With the addition of autonomous learning capabilities, the versatility of AI Agents has been greatly improved. In the actual test of Manus by users, you can even directly describe relevant content in a video screen to it. Manus can finally directly According to the corresponding information, it can overcome the limitations of platform content on search engines, and accurately find links to certain Douyin Short Video.

Since the current version of Manus runs completely asynchronously based on the cloud, Manus’s capabilities are not limited by factors such as the end-side platform form or computing power you use. Users can even temporarily shut down the computer after giving instructions to Manus. When Manus completes the activity results, you will be automatically notified of the results.

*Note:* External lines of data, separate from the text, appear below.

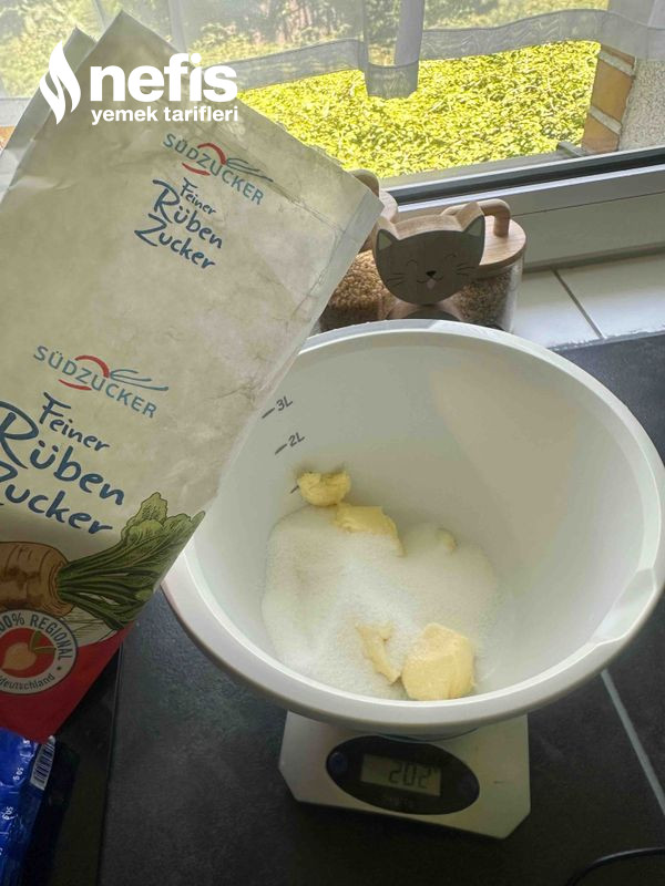10. Yumuşamış tereyağını toz şeker ve vanille şekeriyle yaklaşık 2 dakika çırpın.
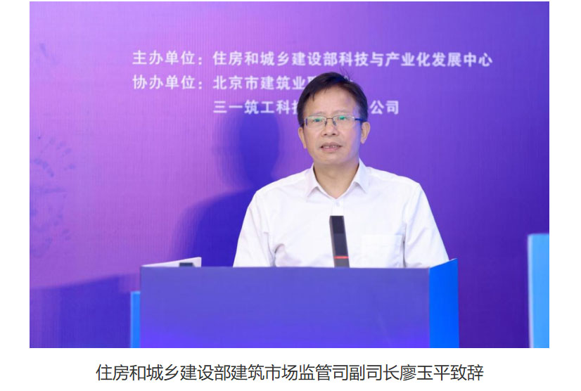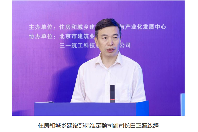 住房和城乡建设部标准定额司副司长白正盛、建筑市场监管司副司长廖玉平,住房和城乡建设部科技与产业化发展中心副主任武振,三一集团总裁助理马云飞出席会议并致辞。浙江省嘉兴市住房和城乡建设局副局长朱斌,北京市住房和城乡建设委员会科技与信息化处副处长张晋波、北京市建筑业联合会副秘书长张奎波等领导和专家参加会议。会议由住房和城乡建设部科技与产业化发展中心产业发展处处长刘美霞、村镇建设与人居环境处副处长赵华主持。
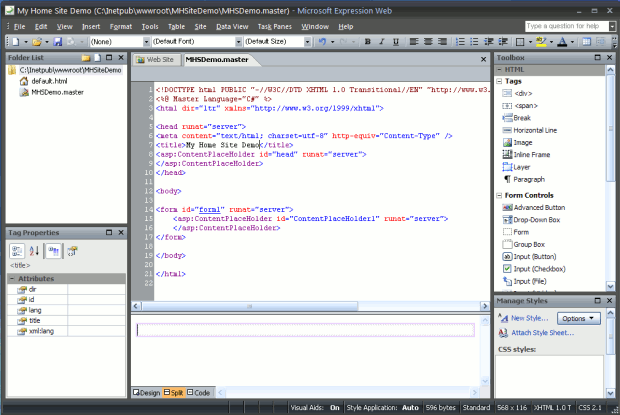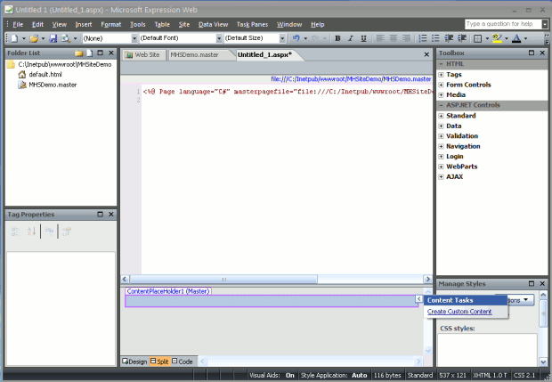 Для создания мастер-страницы необходимо выбрать раздел меню File => New и в открывшемся окне выбрать тип файла Web > C# > Master Page: увеличить изображение После этого появится окно мастер-страницы, содержащей пустую форму и два контейнера содержимого ContentPlaceHolder (в заголовке и в теле документа): увеличить изображение - Знакомство с Microsoft Expression Web
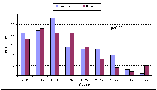 Figure 1: Age distribution for group A and group B (two-tailed t-test [α = 0.05]).
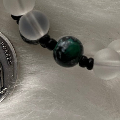 Patron Saint wrap bracelet (St Martin de Porres with black green beads). Choose your patron Saint and bead color. Rosaries make wonderful gifts for birthdays, holidays, confirmation, or any occasion.
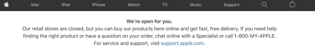 三月中旬,库克发布公开信,表示因为病毒缘故,将暂时关闭大中华区以外的所有苹果零售店,此次暂时闭店措施将持续至3月27日。但实际上,直到目前苹果在海外的大多数门店仍然处于关闭状态,在苹果官网上也给出了建议消费者上网订购的公告。
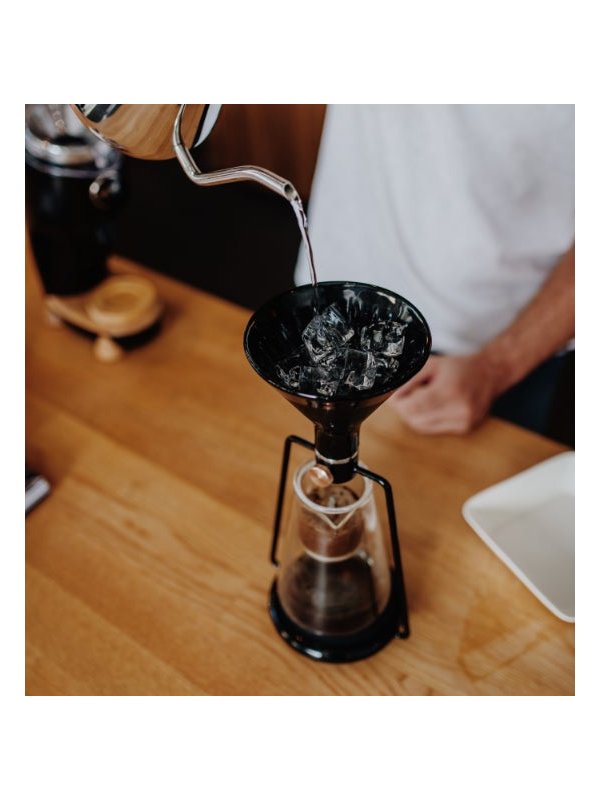 Krople wody powoli kapią na świeże ziarna kawy przez kilka godzin. Otrzymujemy gładki napój przypominający likier kawowy.
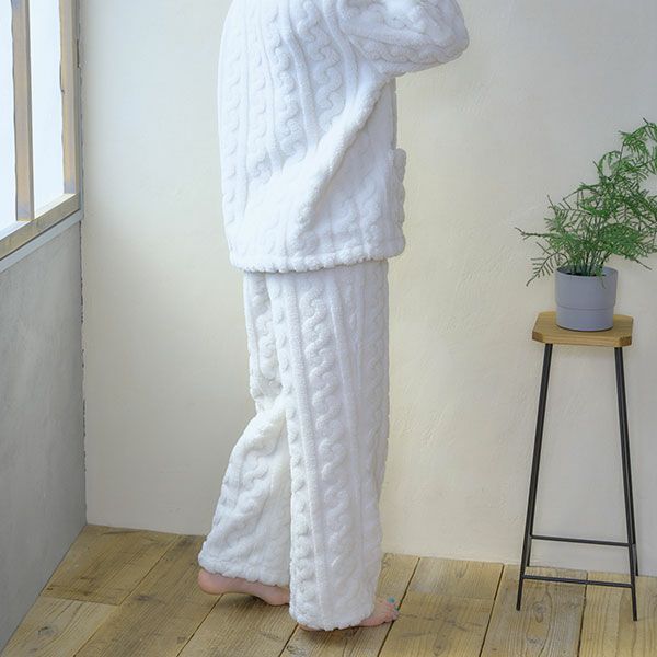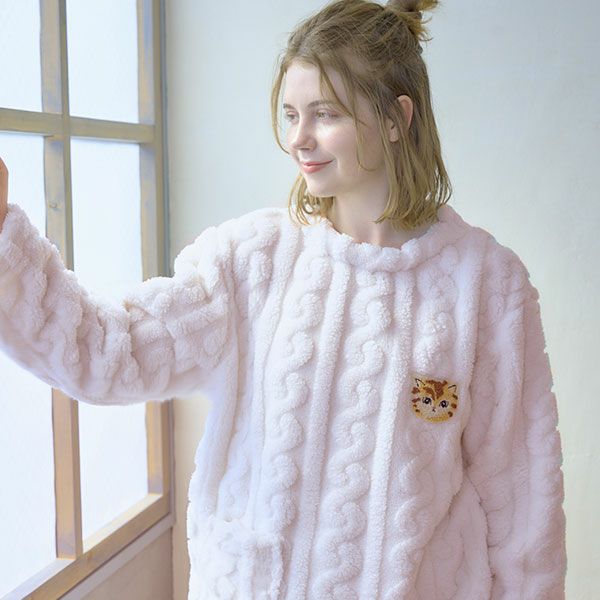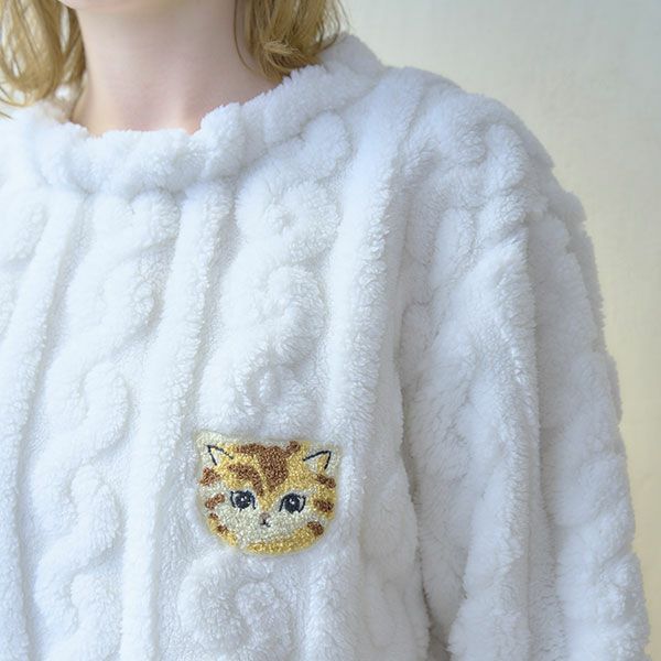 軽量で保温性のあるフリースの大きな縄目模様をかたどったもこもこ感がとっても可愛いパジャマです。大きめの作りなので羽織り感覚で着ていただけます。胸元にはブランドのアイコンの猫“ヌネット”がついており、一日の終わりに寄り添ってくれます。

This operating logic is also very familiar, like a person calling an intern on WeChat after getting off work,”Organize the files and send them to me”. However, now, this intern can really respond to you 7 x 24 hours a day, and you don’t have to worry about him “rectifying the workplace.”

02 Multi-agent + self-inspection, running through the AI Agent flow

From the above cases, it is not difficult to see that Manus’s real trump card is not the concept of “AI Agent” that has appeared in Computer Use, but its ability to “simulate the human way of working.”

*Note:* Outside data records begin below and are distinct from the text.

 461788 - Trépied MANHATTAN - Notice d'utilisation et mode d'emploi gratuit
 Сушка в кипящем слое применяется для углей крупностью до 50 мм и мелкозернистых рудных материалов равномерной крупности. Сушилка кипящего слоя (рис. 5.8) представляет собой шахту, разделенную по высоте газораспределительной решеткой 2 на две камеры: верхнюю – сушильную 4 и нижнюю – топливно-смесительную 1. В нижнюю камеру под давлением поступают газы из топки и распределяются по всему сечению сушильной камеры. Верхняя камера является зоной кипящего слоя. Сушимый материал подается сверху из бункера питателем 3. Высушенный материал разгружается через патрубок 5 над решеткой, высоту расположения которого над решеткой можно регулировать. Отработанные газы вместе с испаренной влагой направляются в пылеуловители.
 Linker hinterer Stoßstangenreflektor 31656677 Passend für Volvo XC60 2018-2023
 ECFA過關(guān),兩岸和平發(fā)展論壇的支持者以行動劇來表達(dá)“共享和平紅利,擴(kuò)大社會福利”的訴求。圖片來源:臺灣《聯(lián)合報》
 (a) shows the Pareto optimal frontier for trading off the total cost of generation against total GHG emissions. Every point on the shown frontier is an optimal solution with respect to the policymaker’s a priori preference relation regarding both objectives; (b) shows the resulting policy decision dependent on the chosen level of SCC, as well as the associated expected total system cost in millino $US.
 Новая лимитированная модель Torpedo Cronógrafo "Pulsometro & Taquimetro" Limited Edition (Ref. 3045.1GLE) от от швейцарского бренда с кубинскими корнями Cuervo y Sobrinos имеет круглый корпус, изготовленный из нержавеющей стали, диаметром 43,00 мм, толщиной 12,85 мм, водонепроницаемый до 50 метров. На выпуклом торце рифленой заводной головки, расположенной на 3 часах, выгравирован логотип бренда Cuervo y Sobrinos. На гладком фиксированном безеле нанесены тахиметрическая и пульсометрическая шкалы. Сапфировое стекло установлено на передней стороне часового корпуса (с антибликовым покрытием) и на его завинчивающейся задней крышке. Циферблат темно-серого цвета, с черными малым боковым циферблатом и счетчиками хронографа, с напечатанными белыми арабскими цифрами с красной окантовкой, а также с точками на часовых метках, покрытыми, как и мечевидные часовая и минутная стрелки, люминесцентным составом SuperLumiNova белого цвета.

Rather than “running calculations,” Manus’s working logic is more like “thinking and executing orders.” It doesn’t do what humans really can’t do currently; that’s why some users who have experienced the current version of Manus describe it as “an intern.”

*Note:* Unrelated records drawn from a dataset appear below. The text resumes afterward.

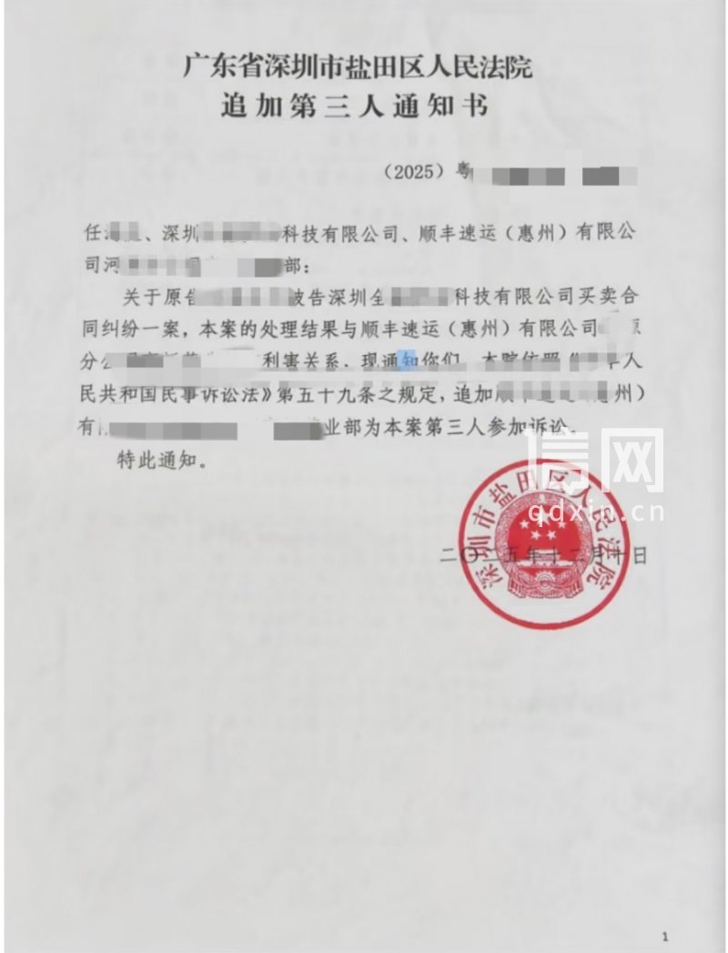 而在平台和商家看来,这位消费者的售后理由并不成立。也正是因为仅退款的要求没有被支持,这位消费者将陈先生经营的公司起诉。12月10日,深圳市盐田区人民法院追加了负责派送这一快递的顺丰速运(惠州)有限公司河源分公司高新营业部为本案第三人参加诉讼。
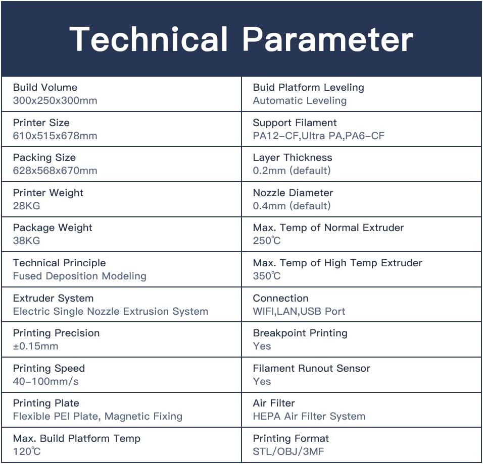 • 【Precision Manufacturing Process】QIDI TECH using industrial-grade manufacturing, dual z-axis and industrial guide, can achieve high precision, fast printing. Upgrading the XYZ structure, all use of industrial slides. PEI printing plate, solve printing models warp and other problems.The 3d printer’s structure is developed for the effective and accurate printing of carbon fiber.Meanwile, printing other common filaments, the speed can be increased to 120cc per hour.
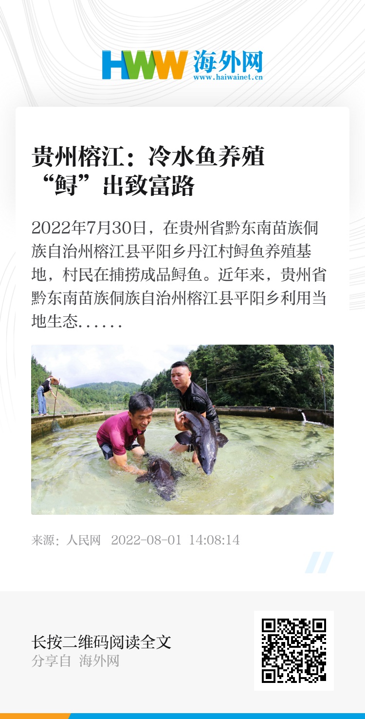 2022年7月30日,在贵州省黔东南苗族侗族自治州榕江县平阳乡丹江村鲟鱼养殖基地,村民在捕捞成品鲟鱼。近年来,贵州省黔东南苗族侗族自治州榕江县平阳乡利用当地生态优良、水质清凉的自然条件,结合市场需求,以“党支部+合作社+农户”模式,发展以鲟鱼为主的特色生态冷水鱼养殖,拓宽群众增收渠道,助力乡村振兴。李长华摄(人民图片网)
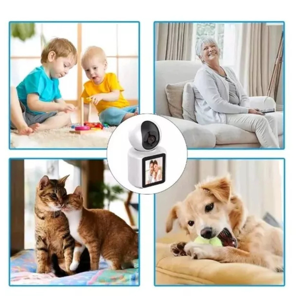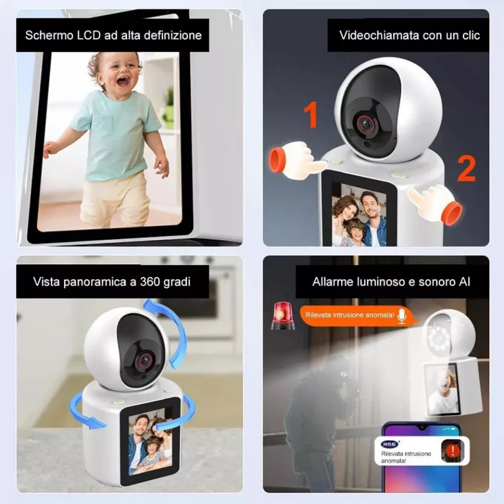 Sistema completo di sorveglianza domestica con schermo integrato, visione notturna e funzioni intelligenti. Ideale per sicurezza interna, baby monitor o videocontrollo animali.
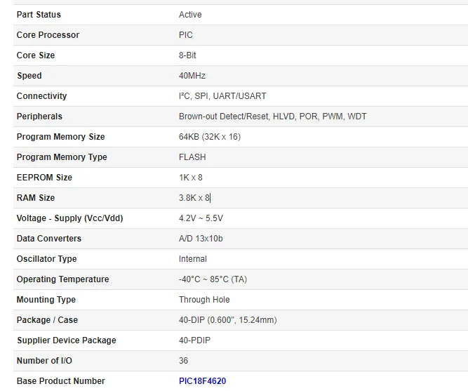 PIC18F4620-I/P PIC18F452-I/P PIC18F4550-I/P PIC16F877A-I/P

The Manus official website displays many tasks that Manus can complete, including a case that shows how to use Manus in a B2B business. Quickly and accurately match your order needs with global suppliers.

In conventional products with similar needs, it is a common logic in the industry to integrate global supply chain enterprise information within the platform to help users complete supplier/demand-side matching. But in Manus’s case, you can see a completely different way to achieve this.

Manus AI uses an architecture called “Multiple Agent” that runs in a separate virtual machine. Through the division of labor and cooperation mechanism of planning agent, execution agent, and verification agent,. To greatly improve the processing efficiency of complex tasks and shorten response time through parallel computing.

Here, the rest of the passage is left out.